🤖 AI Summary
Inferring governing dynamical equations from noisy observational data remains a fundamental challenge in system identification.
Method: This paper proposes a two-level Bayesian inference framework grounded in statistical mechanics, decoupling sparse equation discovery into variable selection and coefficient estimation, and deriving closed-form analytical expressions for the posterior distribution.

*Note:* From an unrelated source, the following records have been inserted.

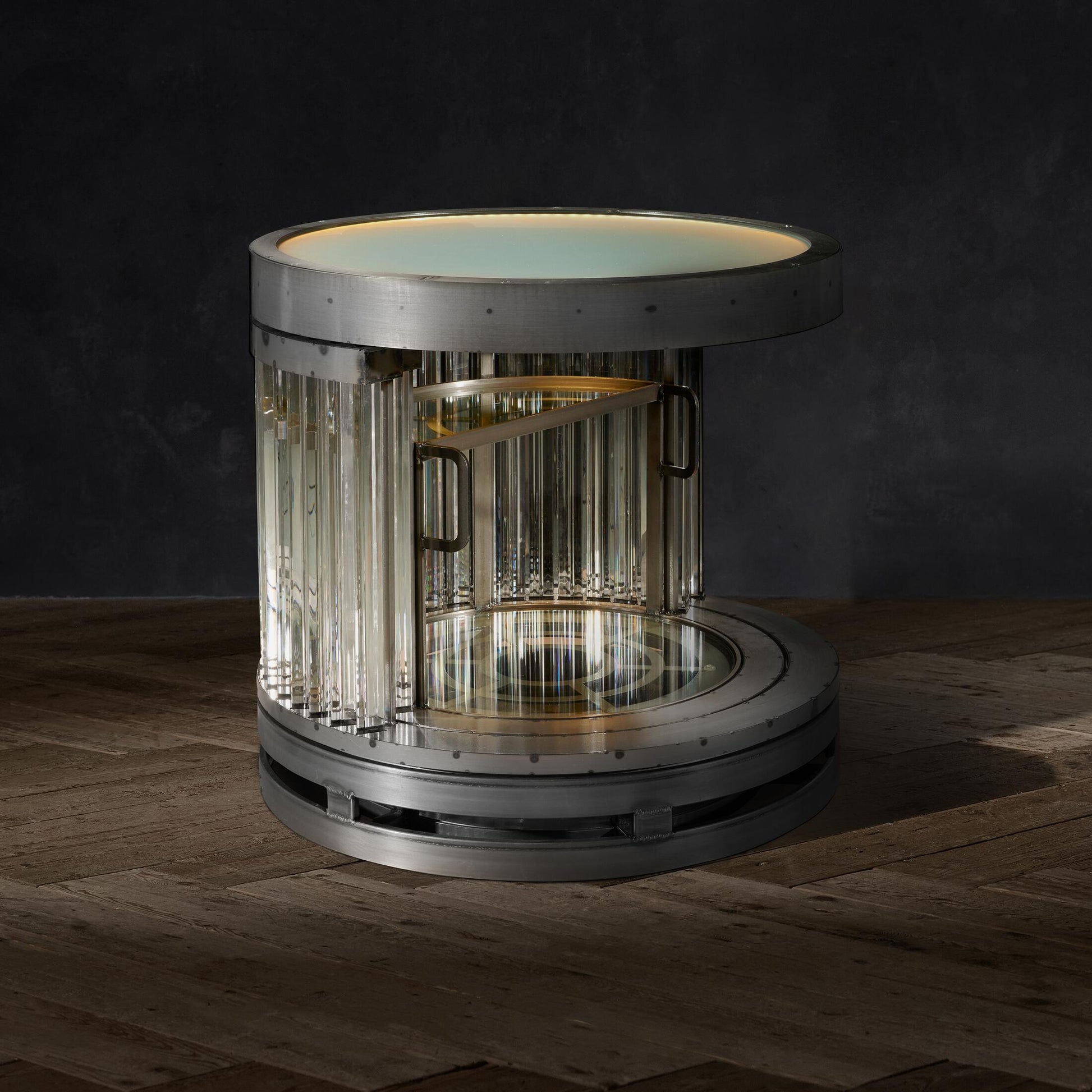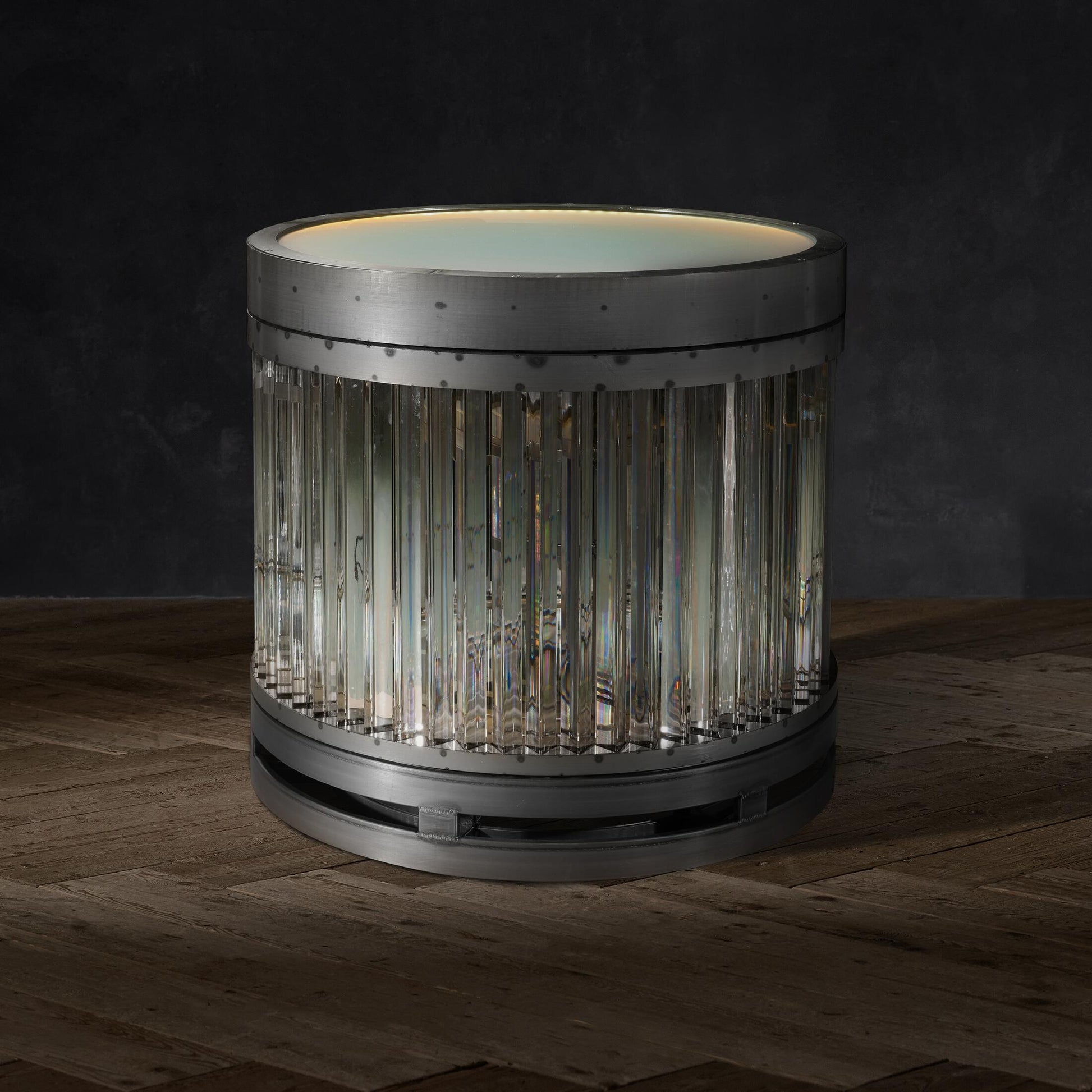 Swirl your senses with the show-stopping Rex collection. Strongly directed by Art Deco influences, Rex recaptures the magic and romance of glamour's golden age. The collection shares its name with the historic Rex cinema in England; a 1930s Art Deco gem boasting a beautiful auditorium with dramatic lighting. Saved from dereliction by a local entrepreneur, the cinema was restored to its former glory in 2004. The Rex Biohazard bar cabinet juxtaposes a natural metal frame with glowing prisms of optical grade glass, refracting the light in a perpetual dance of shimmer and sparkle. Vintage glamour, recast for today.
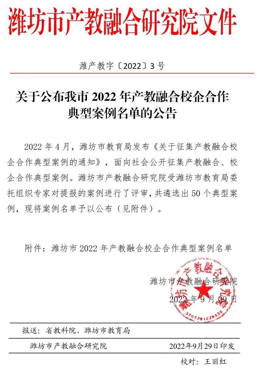 2022年4月,潍坊市教育局印发《关于征集产教融合校企合作典型案例的通知》,面向社会公开征集产教融合、校企合作典型案例。潍坊市产教融合研究院受潍坊市教育局委托组织评审专家对提报的案例进行了严格认真的审评,共遴选出50项典型案例,我校《高职院校机电一体化技术专业“双主体三融合”实践教学模式》《“五即”理念:促校企融创,助人才培养》《软件技术专业联手歌尔工学院打造“匠心班”培育“大国工匠”服务地方产业》共3项典型案例入选潍坊市2022年产教融合校企合作典型案例。
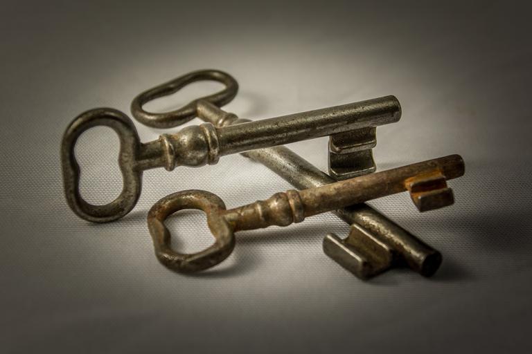 Keywords: key metal old close to door key iron locks to close
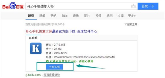 步驟二、恢復已刪除的微信聊天記錄之前,還需要將開心手機恢復大師下載到電腦上,直接百度“開心手機恢復大師”點擊“立即下載”就可以安裝了;
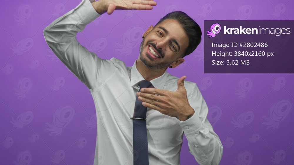 Man frames his broad smiling face with hands in a vibrant purple studio while wearing a white shirt and navy tie; playfulness.
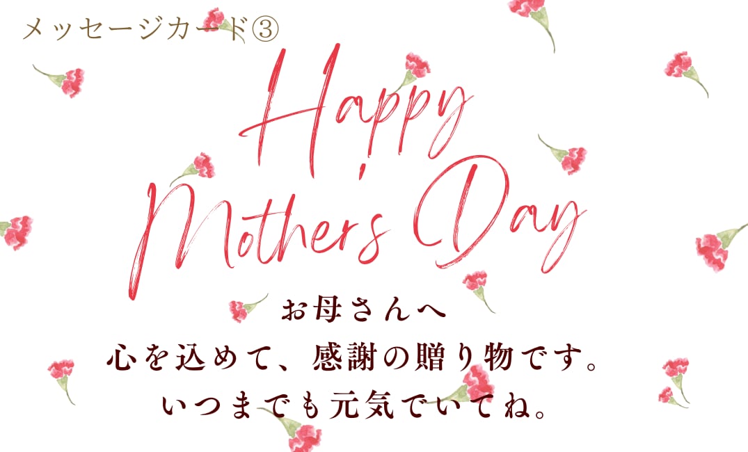 ③ お母さんへ。心を込めて、感謝の贈り物です。いつまでも元気でいてね。
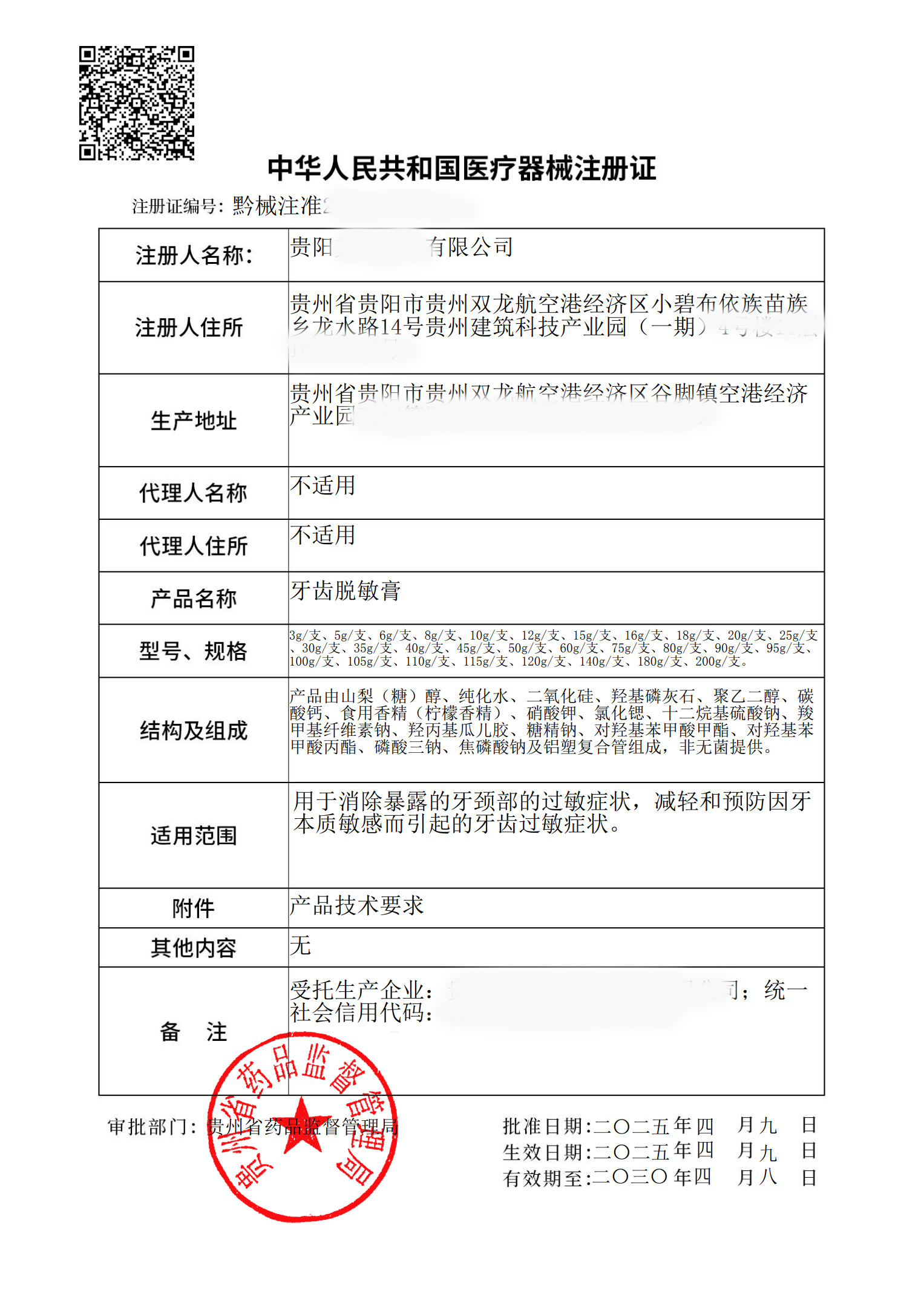 | 办证机构: | 贵州省药监局 |
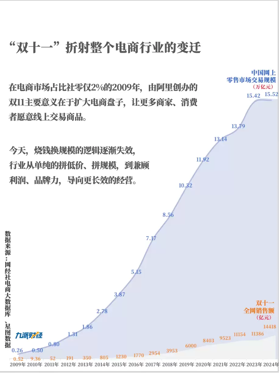 中国电商用17年时间,将双11从一场简单的促销活动,塑造成整个行业的风向标。2009年首届双11仅有27个品牌参与,而到2024年,全网销售额已占网上零售市场的9%,中国网上零售市场规模更是从0.26万亿元飙升至15.52万亿元。然而,当市场增速放缓至0.6%,电商巨头间的竞争却愈发激烈——抖音电商每增长一分销售额,就有半数来自对外部平台的争夺;拼多多通过“百亿补贴”将低价常态化,倒逼整个行业从“大促低价”转向“常年低价”;抖音、快手则凭借“货找人”的内容电商模式,重塑消费链路,持续向美妆、服装等传统电商优势领域渗透。
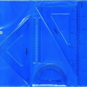Maped Pack di Strumenti da Disegno – Righello da 30 cm, Righello da 15 cm, Squadra, Squadra e Goniometro – Custodia con Chiusura in Colori Assortiti – Trasparente

Contribution/Results: We introduce, for the first time, the free energy and partition function to characterize sparsity- and noise-induced phase transitions, establishing a closed-loop inference mechanism that quantifies epistemic uncertainty and enables self-assessment and validation of model noise tolerance. The method significantly enhances robustness under small-sample regimes, precisely delineates the phase boundary for correct equation identification, and provides verifiable fault-tolerance guarantees for prescribed noise levels.
📝 Abstract
Recovering dynamical equations from observed noisy data is the central challenge of system identification. We develop a statistical mechanics approach to analyze sparse equation discovery algorithms, which typically balance data fit and parsimony via hyperparameter tuning. In this framework, statistical mechanics offers tools to analyze the interplay between complexity and fitness similarly to that of entropy and energy in physical systems. To establish this analogy, we define the hyperparameter optimization procedure as a two-level Bayesian inference problem that separates variable selection from coefficient inference and enables the computation of the posterior parameter distribution in closed form. Our approach provides uncertainty quantification, crucial in the low-data limit that is frequently encountered in real-world applications. A key advantage of employing statistical mechanical concepts, such as free energy and the partition function, is to connect the large data limit to thermodynamic limit and characterize the sparsity- and noise-induced phase transitions that delineate correct from incorrect identification. We thus provide a method for closed-loop inference, estimating the noise in a given model and checking if the model is tolerant to that noise amount. This perspective of sparse equation discovery is versatile and can be adapted to various other equation discovery algorithms.